> _RAW DATA_
· · · ·

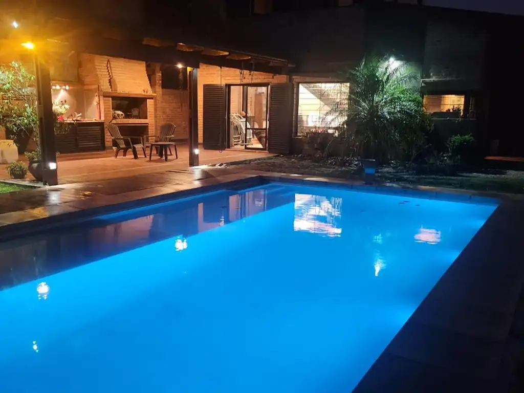 patio verde, galeria con asador totalmente equipado, pileta. cochera para 2 autos digna de ver.
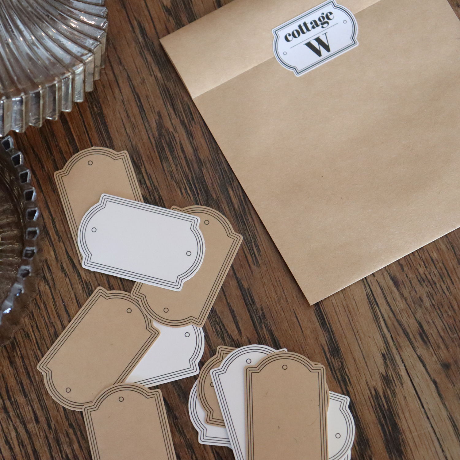 영국의 클래식한 집 번호판을 모티브로 디자인된 라벨 스티커로 다양한 용도로 사용할 수 있습니다. 서랍 한쪽에 붙여 열지 않아도 들어있는 물건을 알 수 있는 목적으로 사용하거나, 선물 포장을 할 때 받는 사람의 이름을 구분하는 용도로 사용할 수도 있죠. 부치는 물건이나 포장에 맞춰 화이트 스티커 혹은 크라프트 스티커를 활용해보세요.
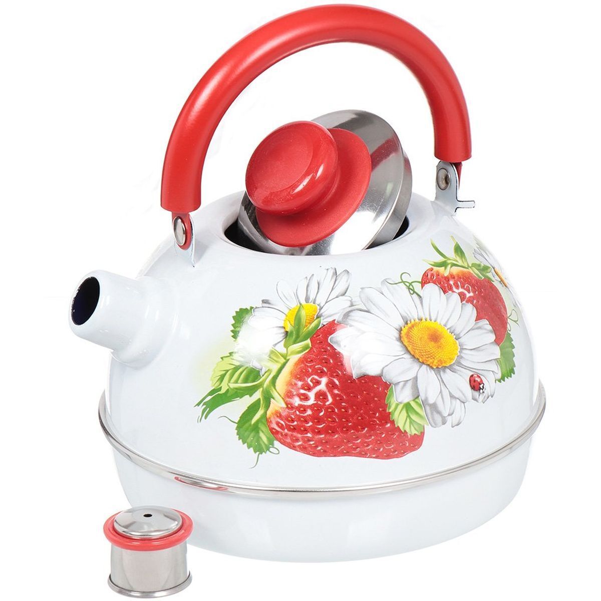 Чайник изготовлен из высококачественного стального проката, что обеспечивает долговечность использования. Внешнее эмалевое покрытие не вступает во взаимодействие с пищевыми продуктами. Такое покрытие защищает сталь от коррозии, придает посуде гладкую стекловидную поверхность и надежно защищает от кислот и щелочей. Чайник оснащен подвижной ручкой и крышкой, которая плотно прилегает к краю. Носик чайника оснащен съемным свистком, звуковой сигнал которого подскажет, когда закипит вода.

· · · ·

> _TO DO_
Return the complete material exactly as it appears, without images.

> _ANSWER FOR THE TASK_
 patio verde, galeria con asador totalmente equipado, pileta. cochera para 2 autos digna de ver.
 영국의 클래식한 집 번호판을 모티브로 디자인된 라벨 스티커로 다양한 용도로 사용할 수 있습니다. 서랍 한쪽에 붙여 열지 않아도 들어있는 물건을 알 수 있는 목적으로 사용하거나, 선물 포장을 할 때 받는 사람의 이름을 구분하는 용도로 사용할 수도 있죠. 부치는 물건이나 포장에 맞춰 화이트 스티커 혹은 크라프트 스티커를 활용해보세요.
 Чайник изготовлен из высококачественного стального проката, что обеспечивает долговечность использования. Внешнее эмалевое покрытие не вступает во взаимодействие с пищевыми продуктами. Такое покрытие защищает сталь от коррозии, придает посуде гладкую стекловидную поверхность и надежно защищает от кислот и щелочей. Чайник оснащен подвижной ручкой и крышкой, которая плотно прилегает к краю. Носик чайника оснащен съемным свистком, звуковой сигнал которого подскажет, когда закипит вода.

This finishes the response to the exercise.